Pros and cons of cleaning that? Will it promote rust?


----------



## Flat's Hunter (Oct 18, 2007)

Here is a con. It can catch fire and toast your meat in a huge enferno. 

Sent from my SAMSUNG-SGH-I337 using Tapatalk


----------



## RB II (Feb 26, 2009)

I periodically spray my pits with a jet stream of water from the hose. Whatever comes off does, I don't scrub or scrape, just the hose and NEVER any soap whatsoever. One trick is to build your meat grates out of stainless expanded metal, never rust and any remaining meat/etc will just hose off or burn right off. I will take out the tuning plates and scrape them as they catch all of the drippings in my reverse flow pit and that design causes it to dry and burn rather than drain out the bottom.


----------



## Last Drift (Jun 30, 2009)

What he said above, drain what you can and scrape the rest. I use a 6" drywall knife.


----------



## HiggsBoson (Jul 25, 2014)

I have used a pressure washer with plain water and it worked quite well to remove the grease and soot buildup. Run a small fire to re-season and you are back in business. I find that keeping the grease buildup down results in a cleaner tasting end product. IF you don't clean you can get flare ups or the grease can run back into the firebox. Burning grease = bitter taste.


----------



## manintheboat (Jun 1, 2004)

That is why you are seeing more people smoking meat in pans. Take a foil pan, full hotel size, put a cooling rack in the bottom for air flow, and put your meat on top of that. For more air flow, rest the rack on top of foil balls to raise it up and get more air flow/bark on the bottom side. This way, all of the grease is contained in the bottom of the pan and not in the bottom of your smoker. I have not tried that personally, but will give it a shot when/if I get my new smoker this fall. It seems that a lot of tournament cooks use this technique with supposedly no loss in meat/bark quality.


----------



## Lagunaroy (Dec 30, 2013)

I just take a couple of paper towels, rub in the grease, and use that to start the charcoal. Smells like bbq when you light the fire.


----------



## Tall1 (Aug 3, 2009)

If your smoker has a grease drain on the end opposite your firebox, you should be able to shim the firebox end so the grease can drain as it accumulates. Put an old coffee can or something under the drain.


----------



## Gottagofishin (Dec 17, 2005)

Tall1 said:


> If your smoker has a grease drain on the end opposite your firebox, you should be able to shim the firebox end so the grease can drain as it accumulates. Put an old coffee can or something under the drain.

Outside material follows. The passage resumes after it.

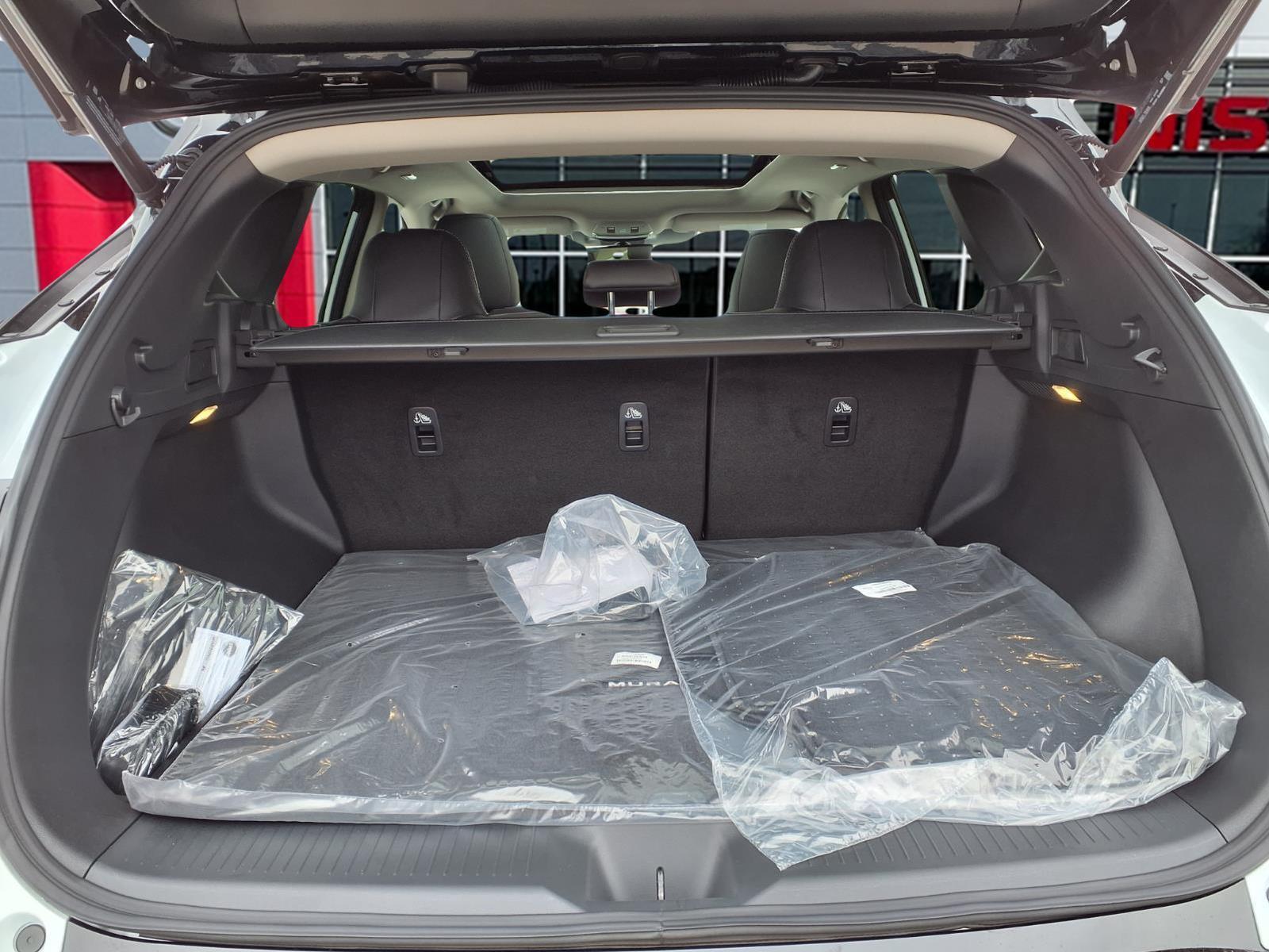 The new Murano's cargo area has been reconfigured to provide a projected best storage space in the segment (with seats up). The rear cargo area, for example, accommodates four large suitcases, while the rear seats fold flat for greater cargo convenience. With the easy rear seat release and available power rear seat return, Murano converts from people hauler to cargo ship or back within seconds. All configurations can be done from the back, with no walking to each door.

This is what I do on my barrel smoker. It drains well and I don't get any grease build up. On the BGE I use a foil pan under the grate to catch the drippings, and on the Smokin Tex I line the floor with heavy duty foil an poke a hole in the foil where the drain hole is.


----------



## KayakCowboy (Aug 25, 2005)

I've seen guys using pans and can't imagine how they can get as much smoke as without one. Cleaning the pit after a smoke is just part of the process for me. If you don't clean out the fat, aside from fire, it'll go rancid and nobody wants to add that to their smoke. I use a putty knife and lightly scrap it clean then rub a light coat to avoid rust.


----------



## MTFishbox (Apr 15, 2015)

I use a pear burner for the inside of the pit. But do before you put the meat on! LOL


----------



## peckerwood (Jun 9, 2012)

I've seen maggots in others smokers that don't clean them.I scrape mine out with a putty knife,and wipe down with an old towel or paper towels in a pinch.I always wire-brush the grates before and after.All wiped down and the doors open with the grates laying in 106 degree heat and sun,mine looked nice yesterday.


----------